However, what exactly does it mean if, for example, a society is aiming for Sustainability? Does it mean that this society should focus on becoming ‘carbon neutral’ with regard to the operations of its economy and the everyday activities of its citizens? Or should it pursue more ambitious goals and seek to reduce its overall ecological footprint by not using more resources than the world’s ecosystems can reproduce and by not causing more emissions and waste than they can absorb? Would such a development be possible by ‘greening’ the currently dominant modes of production and consumption through technological innovations and ethical consumption? Should our societies more generally seek technological solutions to the most pressing Sustainability challenges? How should we assess risky and uncertain technologies such as nuclear power, climate engineering, carbon capture and storage, or genetically modified organisms (GMOs)? Or is promoting Sustainability rather about transforming life styles, everyday practices, and culture? Would Sustainability even require a more fundamental re-orientation away from a globalised economy continuously seeking to maximise growth? Would sustainable development not also include a strong element of social justice? Moreover, would it also not imply that politicians should consider the impact of their decisions on future generations? And what about those living in the poorer parts of the world? Does the idea of Sustainability imply that societies redirect some of their wealth in order to increase the well-being of those people who are much poorer? Is it just basic common sense to be sustainable or are we living in times of much more pressing crisis and urgency? Finally, one important aspect must not be forgotten: the actual effects of the idea of Sustainability remain limited. Ecological pressures and social disparities persist and in many cases increase. Hence, one could also ask whether sustainable development is a useful concept at all or whether it is not more than a rhetorical frame people use strategically to make them look responsible or naively to feel good.

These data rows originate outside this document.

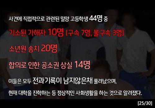 밀양 지역의 남고생 44명이 울산 지역의 여중생이었던 피해자 1명(당시 중3, 1989년생)을
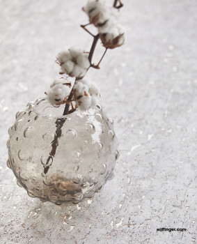 Přírodní korek v šedo-stříbrné barvě na zlato-stříbrném podkladu.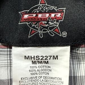 Wrangler PBR Mens M Pearl Snap Plaid Western Shirt Gray Red Embroidered Rodeo
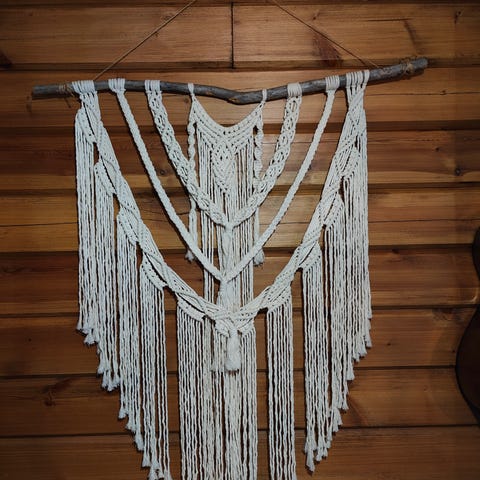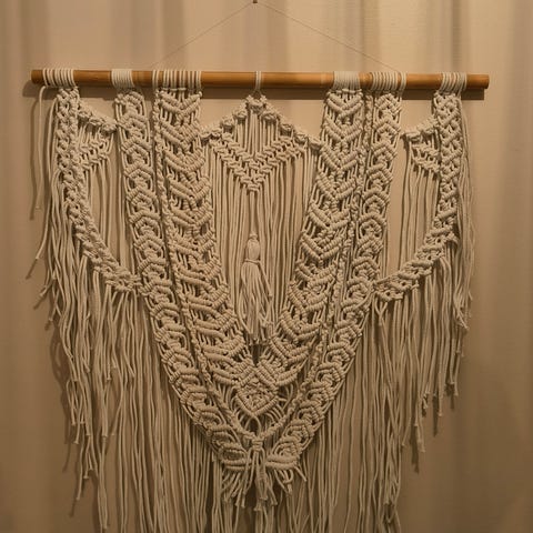 Makramee seinäkoriste. Luonnonvalkoinen.

It seems that each of these questions has its relevance and that each question captures important aspects of Sustainability and how this concept is used in real world interactions. On the one hand, Sustainability is a concept that has entered the everyday life of politicians, bureaucrats, business managers and activists from the global to the local level. On the other hand, even a brief first look at the multiple contexts in which it is used, reveals a multiplicity of understandings and activities. Helping readers to make sense of this plurality of uses of Sustainability and to navigate more comfortably between them is a central aim of this book.
The book outlines Sustainability as a key idea that informs contemporary social practice and order. This idea is characterised by the complexity of the problems and goals it aims to capture. Moreover, this implies that Sustainability comes with different meanings and is related to different practices at different times, in different places, by different actors. To make matters worse, this implies that attempts to define challenges to Sustainability and to promote responses regularly run into tensions and conflicts with others – even if they are not generally opposed to the idea. In other words, Sustainability is an essentially contested concept (Gallie, 1956), which means that its complexity, variability, and interpretive flexibility will stay and continue to create tensions, contradictions, and conflict. Therefore, this book aims to make sense of these characteristics rather than attempting to prescribe one particular definition or set of related activities. At the same time, the book does not attempt to provide a panoptic account of all present and historical meanings used since this idea entered the global normative landscape. Instead, it operates at a slightly more abstract level offering an account on the social nature of Sustainability that explains its hybridity, dynamism, and ambivalence.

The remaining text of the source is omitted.